Senin, 16 Mei 2016

KLASIFIKASI DAN KARAKTERISTIK JASA



 Pengertian Manajemen Pemasaran Jasa

Ada beberapa definisi yang dikemukakan oleh para pakar untuk istilah  pemasaran dan definisi jasa, sebagai berikut:
A.    Menurut (Kotler, 1994)
Pemasaran jasa adalah setiap tindakan atau perbuatan yang dapat ditawarkan oleh suatu pihak kepada pihak lain, yang pada dasarnya bersifat intangible (tidak berwujud fisik) dan tidak menghasilkan kepemilikan sesuatu.
B.     Menurut (William J.Stanton, 1981)
Pemasaran jasa adalah sesuatu yang dapat diidentifikasi secara terpisah tidak terwujud, ditawarkan untuk memenuhi kebutuhan.

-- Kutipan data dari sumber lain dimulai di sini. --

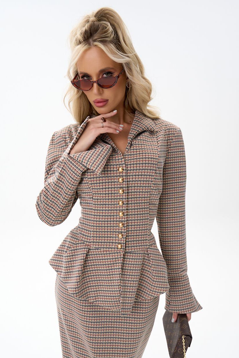 Жакет в клетку с баскойАртикул: Za-Шелли -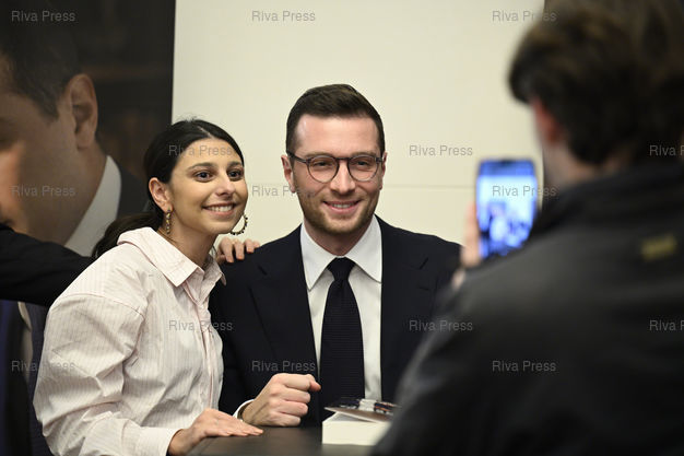 Légende : Jordan Bardella, président du Rassemblement national, lance son 2eme livre "Ce que veulent les Français" lors d'une soirée au Théâtre Marigny. Séance de dédicace /// Jordan Bardella, president of the Rassemblement National, launches his 2nd book "What the French want" during an evening at the Théâtre Marigny. Book signing session - Paris - 28/10/2025 - Photo © Lionel Préau +33 (0)6 68 12 83 77

Jasa dapat dihasilkan dengan menggunakan benda-benda berwujud atau tidak berwujud.
C.     Menurut (Mary Jo Bitner, 2000)
Pemasaran jasa adalah suatu kegiatan ekonomi yang outputnya, bukan produk dikonsumsi bersamaan dengan waktu produksi dan memberikan nilai tambah (seperti: hiburan, kenikmatan, santai) bersifat tidak berwujud.
D.      Menurut (Miller dan Layton, 2000)
Pemasaran jasa adalah merupakan system total aktivitas bisnis yang dirancang untuk merencanakan, menetapkan harga, mempromosikan dan mendistribusikan produk, jasa, dan gagasan yang mampu memuaskan  keinginan pasar sasaran dalam rangka mencapai tujuan organisasional.
            Dari definisi diatas dapat disimpulkan bahwa jasa adalah  semua tindakan atau kegiatan yang dapat ditawarkan oleh satu pihak kepada pihak lainnya (konsumen) yang memberikan manfaat  bersifat tidak berwujud dan tidak menyebabkan kepemilikan apapun.


Klasifikasi Jasa
Jasa bengkel sepeda motor merupakan jasa utama yang didukung dengan barang minor karena peawaran jasa terdiri atas suatu jasa pokok bersama-sama dengan jasa tambahan (pelengkap) atau barang-barang pendukung, seperti pada bengkel sepeda motor, seorang konsumen ingin mengganti ban luarnya, pihak jasa bengkel sepeda motor menyediakan jasa mengganti ban (teknisi bengkel), selain itu juga menyediakan produk bannya. Jasa bengkel sepeda motor juga menyediakan  produk-produk  tambahan lainnya yang berhubungan dengan sepeda motor.
Berdasarkan atas tingkat kontak konsumen dengan pemberi jasa sebagai bagian dari sistem saat jasa tersebut dihasilkan, jasa bengkel sepeda motor merupakan kelompok Low-contact system, karena dalam bengkel sepeda motor, konsumen tidak perlu  menjadi bagian dari sistem untuk menerima jasa. Misalnya. Pada saat reparasi sepeda motor, konsumen tidak harus berhungan  kontak langsung pada saaat  sepeda motornya yang rusak diperbaiki oleh teknisi bengkel.
Ditinjau berdasarkan kesamaannya dengan operasi manufaktur, bengkel sepeda motor ini termasuk dalam  miqed service. Karena bengkel sepeda motor merupakan kelompok jasa dengan tingkat kontak menengah (moderate-contact) yang menggabungkan beberapa  bentuk sifat  pure service dan quasimanufacturing service. Dalam bengkel sepeda motor contohnya seorang teknisi bengkel harus memiliki keahlian dalam memperbaiki sepeda motor yang rusak milik konsumen(sifat Pure service) dan seorang  konsumen tidak harus menjadi bagian dari proses  produksi jasa yaitu memperbaiki sepeda motor (sifat quasimanufacturing service).

1.3  Karakteristik Jasa
Dalam Implementasinya, bengkel sepeda motor memiliki karakteristik jasa. Karakteristik jasa ini termasuk dalam insparibility (jasa yang tidak terpisahkan) bahwasanya jasa tidak dapat dipisahkan dari penyedianya. Bila karyawan jasa menyediakan jasa karyawan, maka karyawan adalah bagian dari jasa. Umumnya aktivitas jasa proses produksi dan konsumsi terjadi secara bersamaan, konsumen terlibat dalam produksi implikasinya kontak dan intraksi menjadi sangat penting. Sehingga  penyedia jasa maupun konsumen sepeda motor mempengaruhi hasil jasa.